February 2021, Volume 71, Issue 2

Research Articles

Clinical characteristics of recurrent tuberculosis patients from a Jakarta hospital-based survey

Authors: Wawaimuli Arozal  ( Department of Pharmacology and Therapeutics Faculty of Medicine Universitas Indonesia )
Diliana  ( Clinical Pharmacology Specialist Program, Faculty of Medicine Universitas Indonesia, Jakarta, Indonesia )
Gregorius Bhaskara Wikanendra  ( Department of Pharmacy, Sanata Dharma University, Jogyakarta, Indonesia )
Purwantyastuti  ( Department of Pharmacology and Therapeutics Faculty of Medicine Universitas Indonesia )
Adria Rusli  ( Infection Disease Hospital, Prof. Dr Sulianti Saroso, Jakarta, Indonesia )

Abstract

Objective: To analyse factors affecting the recurrence of TB in a tertiary hospital in Jakarta, Indonesia.

Methods: This is a hospital-based survey, located in Jakarta, in the period of January 2014 - December 2018. All patients with recurrent TB were included in the study, while the samples with successful treatment in the same period were chosen by consecutive sampling. Statistical analysis of clinical characteristics of both study groups was conducted.

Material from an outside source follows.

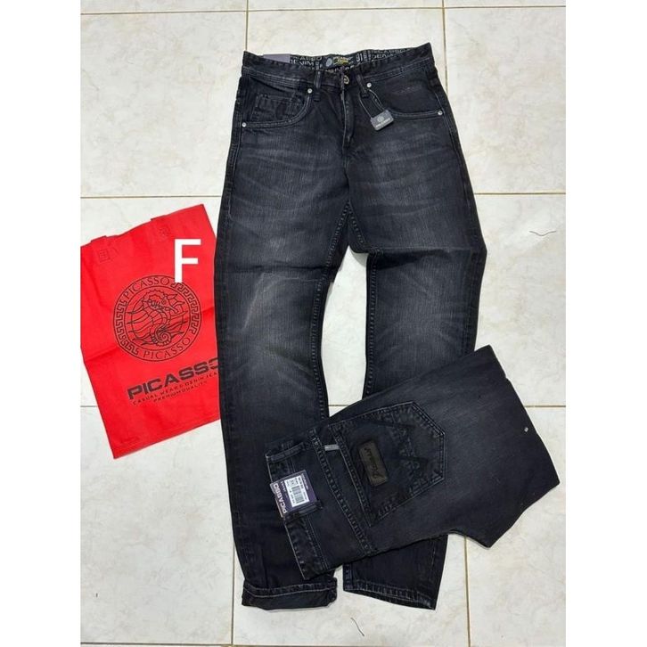[PICASSO W TIDAK KARET/NON STRETCH] CELANA JEANS PICASSO DENIM PANJANG PRIA/LAKI-LAKI COWOK SLIM-FIT/REGULAR GRATIS TOTE
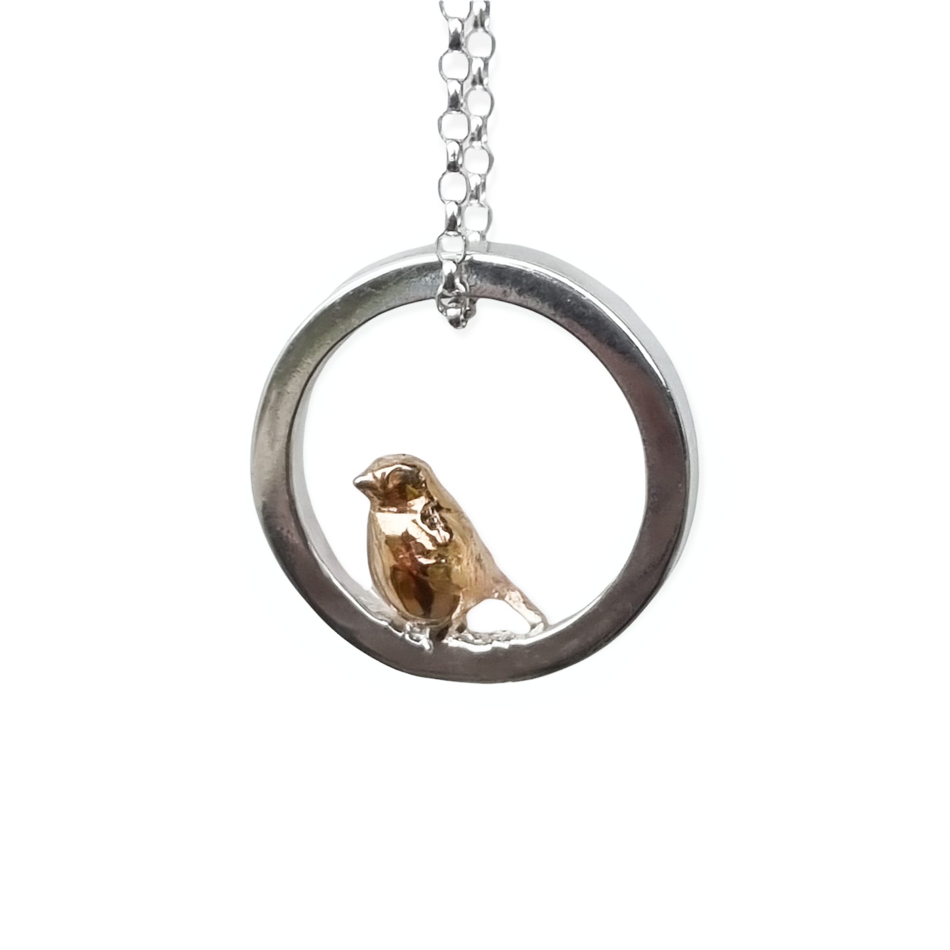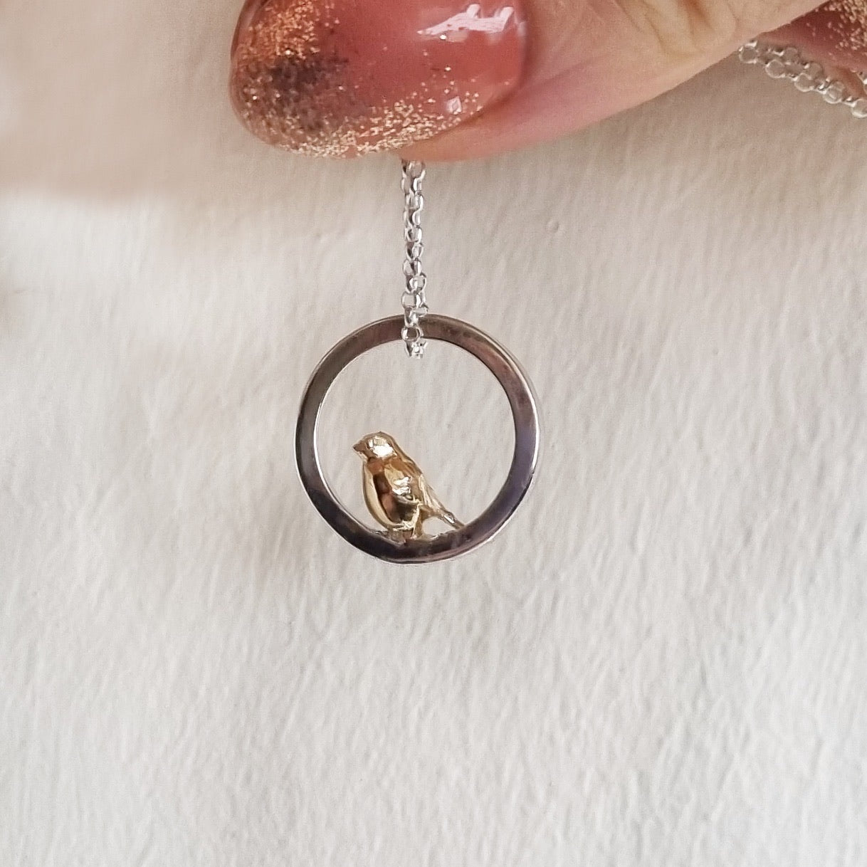A teeny tiny 9mm robin handmade from solid 9ct gold, peeping out from a solid silver halo with a gorgeous shiny surface.

Results: The medical records of 2322 TB patients who presented to Sulianti Saroso Hospital were analyzed retrospectively. Ninety-four cases of recurrent TB that met inclusion and exclusion criteria were included in the study. It was observed that factors affecting recurrence of TB were medication compliance (p = .007, odds ratio (OR) 0.38 [CI 95% 0.19-0.76]) and appearance of lung cavity lesions in the first thorax x-ray examination (p < .001, OR 0.08 [CI 95% 0.03-0.20]).

Conclusion: There was a relationship between recurrent TB and medication compliance and the appearance of lung cavity lesions in the first thorax x-ray examination.

Keywords: Tuberculosis, Recurrent TB, Clinical characteristics. (JPMA 71: S-58 [Suppl. 2]; 2021)

 

Introduction

 

Tuberculosis (TB) is the 9th most prevalent cause of death and one of the leading cause of mortality from singular infection, after HIV/AIDS.1 TB is caused by the bacteria Mycobacterium tuberculosis.1-4 This infection predominately occurs in the lungs, but can occur in other organs as well.3,5 TB can lead to various complications, including death, if not treated adequately. A study by the World Health Organization in 2017 reported that 1.6 million people expired annually due to TB who tested either negative or positive for HIV.6 Indonesia is ranked 3rd in TB prevalence with 8% of TB cases, below India and China.6 A survey conducted by the Indonesian Ministry of Health from 2013 to 2014 reported that the incidence of pulmonary TB in Indonesia was 403/100,000, while predicted prevalence was 660/100,000.7 By estimation, the Indonesian population in 2016 numbered around 250 million people, which indicates that there are an estimated 1 million new cases of TB each year and consequently, 100.000 new deaths. This data shows that Indonesia is facing an epidemic of pulmonary TB.7

In 2016, a regulation by the Indonesian Ministry of Health stated that TB is a public health issue that causes a lot of suffering, disability, and death and needs to be addressed.2 Indonesia aims to eliminate TB by 2035 and be free from TB by 2050.2 And yet, according to 2017 report, none of Indonesia's provinces has been able to achieve a case discovery rate above 70% and treatment success rate above 85%.8 The report did not state whether or not a TB patient considered as successfully treated was compliant to the use of anti-TB drugs. Therefore, there has been no actual report regarding recurring TB despite the high rate of recurrence. A study stated that data of recurring TB is between 47%-49%.8 The most recent data from the Indonesian Ministry of Health in 2017 shows that reported new cases of TB numbered 364,760 with 12,147 recurring cases, totalling 376,907 cases including positive mycobacterium tuberculosis (MTB), negative MTB, and extrapulmonary TB.3 Cases of recurring TB patients contribute towards the high incidence of TB.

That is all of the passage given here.